11 Nisan 2002…
Bolivarcı Venezuela Cumhuriyeti’nde hedef Devlet Başkanı Hugo Chavez.
1992’de, ülkede sonuçlanamayan bir askeri darbe girişimine katılan ancak daha fazla kan dökülmemesi için bir süre sonra olayları durduran komutan…
O komutan siyaset koltuğuna oturduğunda, bu kez oklar kendine çevrilmişti.
Fedecamaras işveren sendikası, protestolar ve genel grev başlattı.
Bir kıvılcımla büyüyen olayları, muhalefetin örgütlediği yürüyüş takip etti.
Yürüyüşle, başkent Caracas’taki hükümet binası Miraflores Başkanlık Sarayı’na ulaşmak amaçlandı.
Muhalefetin gösterilerine karşılık Chavez taraftarları da sokağa çıktı.
İki grubun karşı karşıya gelmesiyle silahlı çatışmalar başladı, çok sayıda gösterici hayatını kaybetti.
Bu noktada devreye Chavez karşıtı komutanlar girdi.
Başkan’ı devirmek için darbe planlarını devreye soktular.
Başkanlık Sarayı işgal edildi, Chavez tutuklandı.
Yeni devlet başkanı artık Fedecamaras işveren sendikası Başkanı Pedro Carmona Estanga oldu.
Ancak Venezuela halkı kararlıydı.
Protesto gösterileri, uluslararası camianın Carmona’yı devlet başkanı olarak tanımaması ve hükümete bağlı ordu mensuplarının duruma el koymasıyla darbe girişimi başarısız oldu.
Ve Chavez 3 gün sonra, 14 Nisan 2002 sabahı yeniden görevine döndü.
Muhalif isim Guaido kendini “geçici devlet başkanı” ilan etti
Artık “farklı bir Venezuela var” deniliyordu.
Ancak takvimler 2019’u gösterdiğinde, geçenin sadece zaman olduğu anlaşıldı.
Dünyanın en büyük petrol rezervine sahip ülke olmasına rağmen siyasi krizlerden dolayı ağır ekonomik krizle boğuşan Venezuela’da, muhalefetin kontrolündeki Ulusal Meclisin (AN) Başkanı Juan Guaido, 23 Ocak’ta kendini “geçici devlet başkanı” ilan etti.

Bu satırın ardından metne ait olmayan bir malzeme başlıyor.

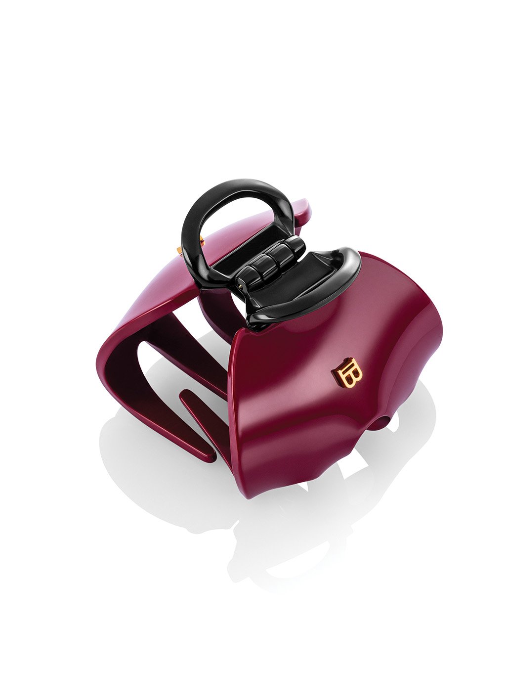 Ručne vyrobená sponka na vlasy z odolného acetátu celulózy v sametovo vínovej farbe s logom "B" pozláteným 18K zlatom Balmain.

Chavez gibi yerine gelen Nicolas Maduro’ya da mesafeli olan, başta ABD olmak üzere birçok Latin Amerika ve Batı ülkesinin de desteğini aldı.
Guaido ile partisinin ev hapsindeki eski lideri Leopoldo Lopez, 30 Nisan’da bir grup askerle Maduro hükümetini devirmek için halkı sokağa çağırdı.
Muhalifler bu çağrıyla birçok kentte sokağa çıktı, protestolar bazı bölgelerde şiddet eylemlerine dönüştü.
Maduro taraftarları da sokağa çıkıp Devlet Başkanlığı Sarayı Miraflores etrafında toplanınca, günün sonunda Lopez, önce Şili sonra da İspanya Büyükelçiliğine sığındı.
Soruşturmalar bazı AN milletvekillerinin tutuklanması, bazılarının da Avrupa ve bölge ülkelerinin büyükelçiliklerine kaçmasıyla sonuçlandı.
Maduro’ya drone ile saldırı
Bundan neredeyse 2 ay sonra darbeciler yeni bir deneme yapacaktı.
Aslında işlerin buraya varacağını haber veren bazı ipuçları vardı.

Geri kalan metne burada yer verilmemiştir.